Tukey’s Biweight Estimator: $\psi(r) = r\left(1-(r/c)^2\right)^2$ if $|r| \leq c$; $0$ otherwise. Completely “turns off” extreme outliers. $c = 4.685$: 95% efficiency. BP = $1/n$ (small, but IF bounded).

IRLS Algorithm and Asymptotics

IRLS (Iteratively Reweighted Least Squares): $\theta^{(t+1)} = \frac{\sum w_i(\theta^{(t)})X_i}{\sum w_i(\theta^{(t)})}$, $w_i = \psi(r_i)/r_i$. Each iteration is weighted OLS. Converges to M-estimator. In linear regression: $\hat{\beta} = (X^\top WX)^{-1}X^\top WY$.

Asymptotics of M-Estimators: $\sqrt{n}(\hat{\theta} - \theta_0) \to_d N(0, V)$, $V = \frac{E[\psi^2(X-\theta_0)]}{\left(E[\psi'(X-\theta_0)]\right)^2}$. For Huber estimator under $N(0,1)$: $V \approx 1.08$ (almost as good as the mean!).

Scale Estimate: Standardized MAD: $\hat{\sigma} = \text{MAD}/0.6745$ — consistent estimator for $\sigma$ under normality, BP = $0.5$.

Exercise: (a) Data: $1,2,3,4,5,50$. $\bar{X}$, median, 20% trimmed mean, Huber M-estimator ($c=1.5$). How does the outlier affect the results? (b) IRLS for linear regression: data with 2 outliers. Compare $\hat{\beta}{OLS}$ and $\hat{\beta}{Huber}$ — coefficients and their SE. (c) Simulate: $n=100$ from $0.9\cdot N(0,1) + 0.1\cdot N(10,1)$. Compare the variance of $\bar{X}$ and the median — which estimator is more robust?

Breakdown Point and Robustness of Estimators

Breakdown point ($\epsilon^*$) — maximum proportion of spoiled data for which the estimator remains bounded. $\bar{X}$: $\epsilon^* = 1/n \approx 0$ (a single outlier can cause it to diverge). Median: $\epsilon^* = 0.5$ (theoretically the best). Trimmed mean ($\alpha$-trimmed): $\epsilon^* = \alpha$. Huber: $\epsilon^*$ depends on $c$.

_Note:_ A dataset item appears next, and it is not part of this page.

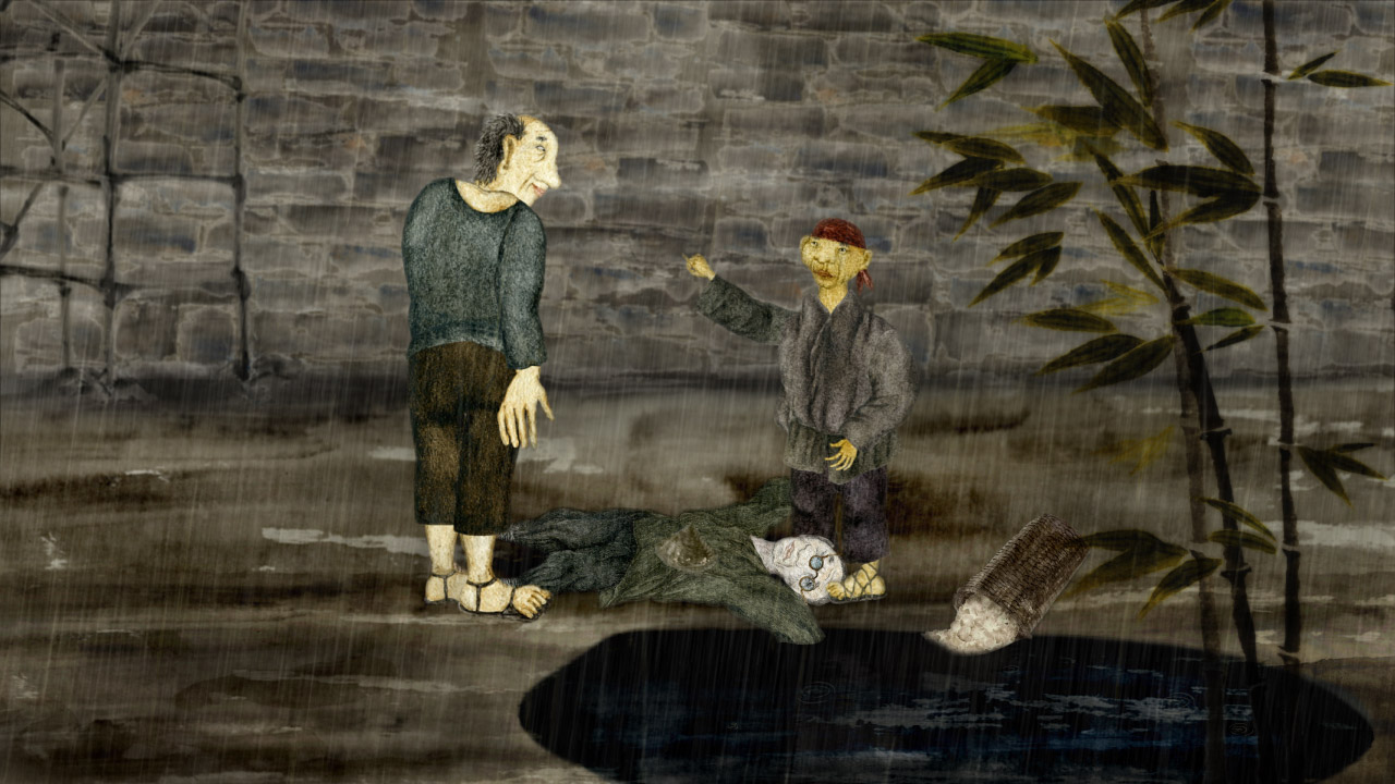 «Canvas on mixed media”, Иран. Анимационная лента в смешанной технике про человечность толпы. В фильме много символов: ворон, несущий патроны, замотанная портретом вождя рана, пушка, пожирающая снаряды.

Influence function: $IF(x, T, F) = \lim_{t\to 0} \frac{T(F_t) - T(F)}{t}$, where $F_t = (1-t)F + t\delta_x$. For the mean: $IF(x, \mu, F) = x-\mu$ (unbounded). For the median: $IF(x, Med, F) = \frac{\text{sgn}(x-Med)}{2f(Med)}$ — bounded! For M-estimator: $IF(x, T, F) = \frac{\psi(x-T)}{E[\psi'(X-T)]}$.

Robust Estimates of Dispersion and Covariance Matrix

MAD (Median Absolute Deviation): $\text{MAD} = \text{median}|X_i - \text{median}(X)|$. Breakdown point 50%. $\hat{\sigma} = 1.4826\cdot\text{MAD}$ (consistent with normal distribution).

MCD (Minimum Covariance Determinant) Estimator: For multivariate data — find subset $h$ of observations with minimal $\det(\text{Cov})$. Breakdown point $\approx (n-h)/n$. Implemented in sklearn.covariance.MinCovDet. Used for detecting multivariate outliers via Mahalanobis distance.

Outlier Test and Anomaly Detection Methods

Grubbs Test: $H_0$: no outlier. Statistic $G = \max|X_i-\bar{X}|/s$. Critical value depends on $n$ and $\alpha$. Assumes normality. Tukey Test: Outlier = point outside $Q_3+1.5IQR$ or $Q_1-1.5IQR$ (box-and-whisker plot). Nonparametric: does not depend on distribution shape. For symmetric heavy tails may misclassify points as outliers.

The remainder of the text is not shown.